# oh man



## wynedot55 (May 29, 2009)

i just got an email from a guy wanting to sale a bred cow an a 3 in 1.an i had to tell him that i couldnt buy any cows this year.having these teeth out sure has messed me up.keeps me from buying cows.


----------



## Farmer Kitty (May 29, 2009)

That is a rough one!


----------



## wynedot55 (May 29, 2009)

but thats ok i dont need cows right now.


----------



## Thewife (May 29, 2009)

wynedot55 said:
			
		

> but thats ok i dont need cows right now.


Yea, you never post any pictures anyway!
If you got more, you would tell us, we would ask for pictures and get our hopes up, then you would NOT post any!
It's just easier on those of us that would really like to see pictures of Beefmasters if you would just NOT add to your herd!


----------



## wynedot55 (May 30, 2009)

your right i need the money for other toys.


----------



## Thewife (May 30, 2009)

wynedot55 said:
			
		

> your right i need the money for other toys.


Nope, no toys for you! 
Toys are for good boys(and girls) that post pictures!
I think you should be sent to your room with no dinner!


----------



## wynedot55 (May 30, 2009)

no dinner pouts.then id waste away.


----------



## Imissmygirls (May 30, 2009)

Just curious...
Are we sure that Wynedot really has cows?  Has he EVER posted a pic? hmmm?????
Perhaps those beefmasters are figments of his imagination?





*hehe...perhaps we can dare him to come clean, or at the very least find his camera!*


----------



## Farmer Kitty (May 30, 2009)

Imissmygirls said:
			
		

> Just curious...
> Are we sure that Wynedot really has cows?  Has he EVER posted a pic? hmmm?????
> Perhaps those beefmasters are figments of his imagination?
> 
> ...


He posted pics that he admitted were old, once.


----------



## wynedot55 (May 30, 2009)

oh i got a camera.i just dont try to take pics.because i dont think im good at taking pics.an ive posted some pics on here long ago.


----------



## Farmer Kitty (May 30, 2009)

wynedot55 said:
			
		

> oh i got a camera.i just dont try to take pics.because i dont think im good at taking pics.an ive posted some pics on here long ago.


Practice, practice, practice.

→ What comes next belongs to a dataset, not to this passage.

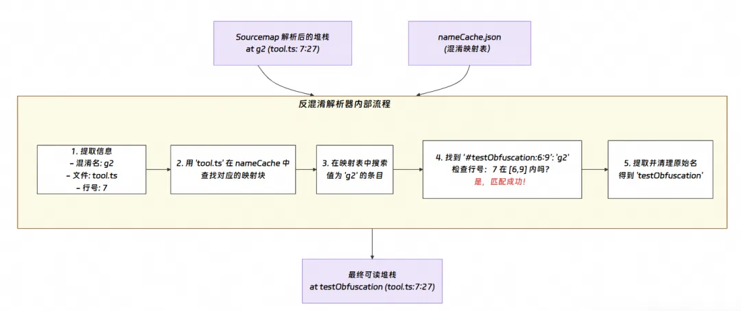 我们可以将反混淆解析视为 Sourcemap 解析之后的第二阶段精加工。Sourcemap 解决了“在哪里”的问题(文件名和行号),而反混淆则解决了“是什么”的问题(函数和变量名)。

That is how you get good at taking pics. Besides, we don't care if they are good pics or not.


----------



## wynedot55 (May 30, 2009)

well i may just take a bunch of pics next time the cows come up.


----------



## jhm47 (May 30, 2009)

I'm not holding my breath!


----------



## Farmer Kitty (May 30, 2009)

jhm47 said:
			
		

> I'm not holding my breath!


Me either.


----------



## Thewife (May 30, 2009)

jhm47 said:
			
		

> I'm not holding my breath!


Well I'm gonna hold mine!

And if I just disappear from the boards you know why!


----------



## jhm47 (May 30, 2009)

Hey, I'm a paramedic.  If you need oxygen, just call.  My response time might be a bit long, but I'll at least make it for the funeral.  Back here we always have a big meal after funerals.  With the economy like it is, we might all be looking for funerals to attend just to get something to eat.  

Actually, I know some people who attend funerals, weddings, graduation parties, whatever, just for the free meals.


----------



## Thewife (May 31, 2009)

jhm47 said:
			
		

> Hey, I'm a paramedic.  If you need oxygen, just call.  My response time might be a bit long, but I'll at least make it for the funeral.  Back here we always have a big meal after funerals.  With the economy like it is, we might all be looking for funerals to attend just to get something to eat.
> 
> Actually, I know some people who attend funerals, weddings, graduation parties, whatever, just for the free meals.


I don't need oxygen!  
My skin is starting to match my blue eyes though, is that bad?

No funeral for me!
Told Hubby and the boy to dump my ashes on the big mound in the field and go fishing!


----------